Later I ran Hadoop's PI example to verify every node was still taking part in the calculation, which they all did. However when I start my own job now one of the nodes is not being used at all.
I figured this might be because this node doesn't have any data to work on. So I tried to balance the cluster using the balancer. This doesn't work and the balancer tells me the cluster is balanced.
What am I missing?
While processing, your ApplicationMaster would negoriate with the NodeManager for containers and NodeManager in turn would try to obtain the nearest datanode resource. Since your replication factor is 3, HDFS would try to place 1 whole copy on a single datanode and distribute the rest across all the datanodes.
1) Change the replication factor to 1 (Since you are only trying to benchmark, reducing replication should not be a big issue).
2) Make sure your client(machine from where you would give your -copyFromLocal command) does not have a datanode running on it.
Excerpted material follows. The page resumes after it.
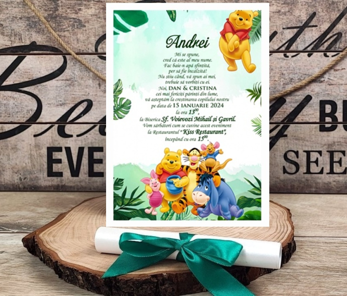 Invitație de botez tip papirus realizată din urmatoarele piese:

If not, HDFS will tend to place most of the data in this node since it would have reduced latency.
3) Control the file distribution using dfs.blocksize property.
4) Check the status of your datanodes using hdfs dfsadmin -report.
Make sure your node is joinig the resourcemanager. Look into nodemanager log on t the problem node, see if there are errors. Look into the resourcemanager Web UI (:8088 by default) make sure the node is listed there.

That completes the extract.